LE JOURNAL DU DROIT DES JEUNES

L'éditorial de Jacques Fierens dans le JDJ N°435

La DPC et le risque d’orages violents

Les phénomènes météorologiques les plus difficiles à prévoir sont les orages violents, y compris les tornades.

Ils résultent de nombreuses interactions entre la température, l’humidité, le vent, la pression. Parmi les incertitudes, il y a une certitude : le risque est plus élevé lorsque les vents et les courants viennent de droite, parce que la Terre tourne vers la droite.

À lire la déclaration de politique communautaire en ce qui concerne l’aide à la jeunesse, la girouette et l’anémomètre ne rassurent pas. La DPC parle beaucoup trop de prise en charge précoce et intensive, d’éloignement de l’enfant de sa famille, du refus de placements successifs, de stabilité chez les accueillants.

La suppression du nécessaire réexamen annuel des mesures par le tribunal de la jeunesse est dans l’air malgré la position de presque tout le secteur en faveur de son maintien.

Pas un mot sur une aide qui devrait avoir pour priorité absolue de donner à tous parents les moyens matériels ou immatériels d’élever leurs enfants, dans tous les sens du terme.

La majorité des éloignements, surtout à long terme, concerne les familles les plus précarisées et le placement en famille d’accueil, sacralisé sans nuance, entraîne le risque de captation de l’enfant par les accueillants, aussi généreux qu’ils soient, et donc renforce l’eugénisme social.

La DPC prend aussi une direction contraire à ce que la Cour européenne des droits de l’homme s’époumone à affirmer depuis 35 ans : un placement doit être absolument nécessaire, parce qu’il est une ingérence très grave dans la vie familiale, il doit être le plus bref possible et son but doit toujours être en principe le retour chez les siens.

En ce qui concerne la protection du mineur en conflit avec la loi, le baromètre déclenche toutes les alarmes.

La DPC en parle sous le titre « Sécurité ». C’est mal parti.

L’approche protectionnelle devrait, paraît-il, continuer à prévaloir, mais un volet « sanctionnel » devra être élaboré, en s’inspirant notamment des systèmes en vigueur chez nos voisins, y compris en Flandre.

Et puis changeons les conditions du dessaisissement, maintes fois condamné par le Comité des droits de l’enfant, pour qu’il y en ait un peu plus et que les jeunes aillent en prison, lieu de resocialisation par excellence comme tout le monde le sait.

Dire que la DPC, elle-même en conflit avec les lois sur ce point, et pas n’importe quelles lois, se dit innovante.

C’est exactement le genre de propos qui a été tenu lorsqu’en 2006, la loi de 1965 est devenue plus répressive. Et personne n’explique comment on peut à la fois protéger et sanctionner.
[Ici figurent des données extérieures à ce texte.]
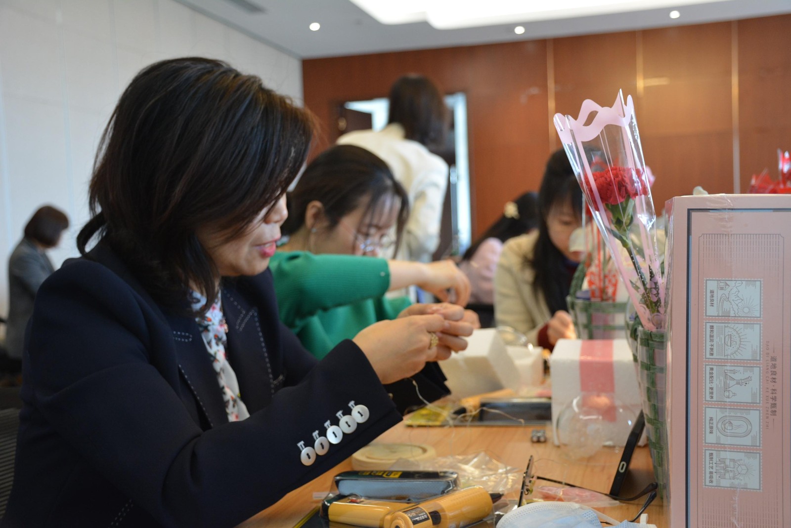 总部为女职工准备了颇具仪式感的礼物,并组织了花朵小夜灯手工DIY活动。女职工们对照教程,认真制作,在体验手工乐趣的同时增进了相互之间的交流,工作之余为大家增添了一份乐趣。
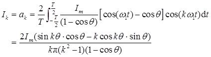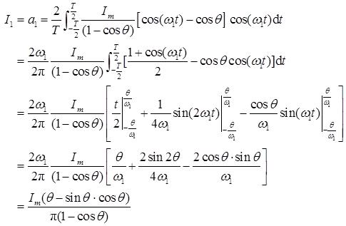 [提示:i(t)=I m [cos(ω 1 t)-cosθ]/(1-cosθ),ω 1 为i(t)的重复角频率。]

On nous fait savoir aussi que la délinquance juvénile a augmenté. Cela, on le répète depuis la préparation de la loi de 1912, chaque fois que l’on décide de traiter un enfant comme un adulte en plus petit.

Chiche que personne n’est capable de l’établir par des chiffres ?

La ministre Valérie Lescrenier, qui vient d’hériter de ces matières complexes, a déclaré ne rien y connaître. C’est honnête de le dire. Espérons qu’elle sait au moins qu’on ne traite pas les droits de l’enfant et des familles à travers ces a priori, ces clichés et ces caricatures qui ne sont que les nausées chroniques de certains nantis face aux moins favorisés qu’eux. On lui souhaite aussi d’étudier de près l’installation des paratonnerres parce qu’avoir peur des orages violents, c’est le propre de la plupart des enfants.

Ils auront vite besoin d’être rassurés et efficacement protégés.